I think (don't get excited it's been known to happen) that at some point in the last two years I was run over by a truck. Now my body is lying in a hospital bed in a long-term care facility somewhere in a persistant vegetative state. I figured this out last night, when I swear I could hear a steady beep...beep...beep in my right ear, and through blurred half open eyes in the murky darkness I could barely make out a yellow Post-It note stuck next to a big red button with "Please Do Not Push... I MEAN IT THIS TIME!" written on it.

I didn't think anything of it then, but I did sleep later than normal today.

Now that I know I'm not really conscious, I guess I can finally cut loose. I mean, as long as they don't jack me full of some kind of weird experimental wake-up drug.

So, a test. I'm going to teach Skippy and the Beast a pantload of dirty limericks.

In the real world, the Beast would spout off "There Once Was A Man From Nantucket" when asked to lead the Pledge of Allegiance (he gets nervous), and I'll end up sitting in the principal's office. In my new alternate reality, nothing will happen.

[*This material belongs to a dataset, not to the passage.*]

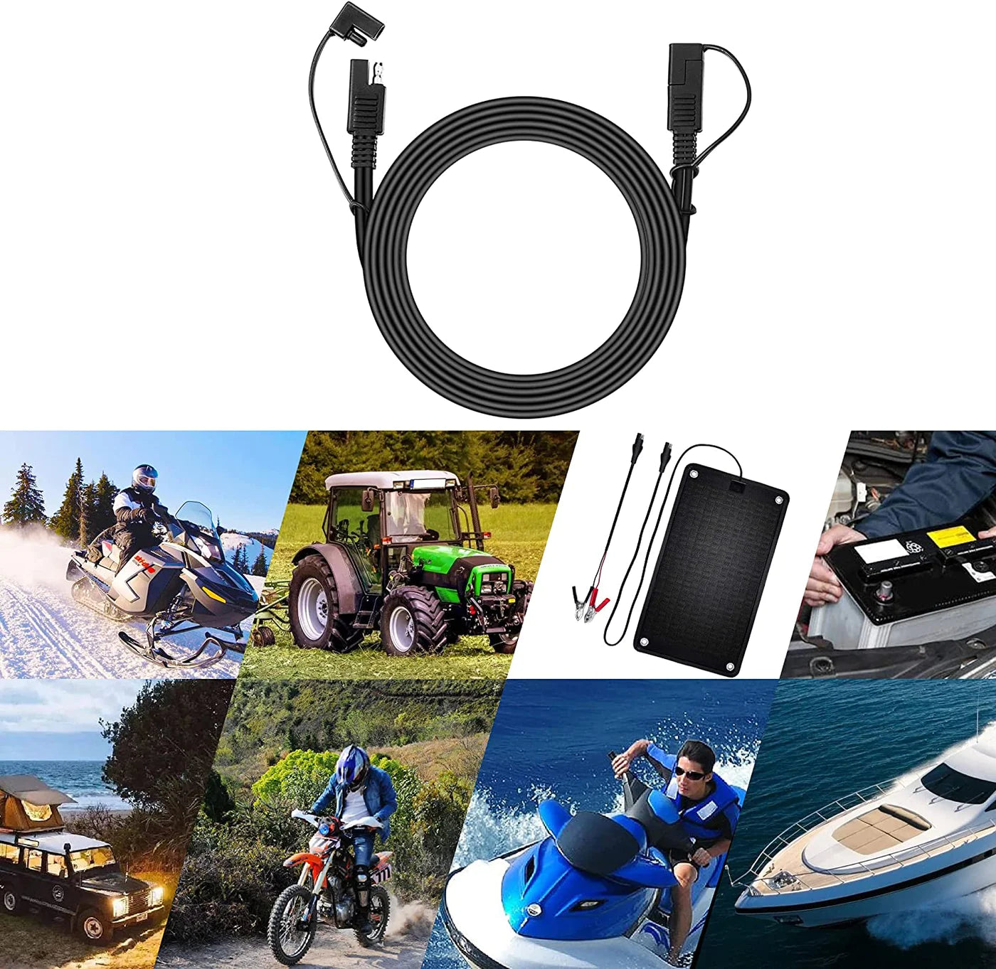 Versatile Applications: The SAE 14AWG 20ft Extension Cable is suitable for a wide range of applications, including automotive, marine, RV, and off-grid solar systems. Whether you're extending the reach of power connections for battery charging, lighting, heated gear, or other electrical devices, this cable ensures a reliable and efficient power transfer.

This won't be the first test. For months now, Skippy and the Prince have been playing the penis game. Yes, the penis game. It's really not as bad as it sounds, the goal is to shout PENIS! as loud as you can in the most crowded or unacceptable place you can. For example, The Prince got busted when he shouted "PENIS!" in the Junior High cafeteria. Skippy, being only four years old, will get on the telephone extension. So I'll be on the phone, and they'll be a sudden click, a couple of seconds of heavy breathing, and right before I can warn my caller or hang up the phone, the word "PENIS!" rolls down the wire into the conversation like a fart in church.

For some reason, maddmom and I have done nothing about this. So if you are reading this in my brain, keep your kids away from my dirty-mouthed little punks.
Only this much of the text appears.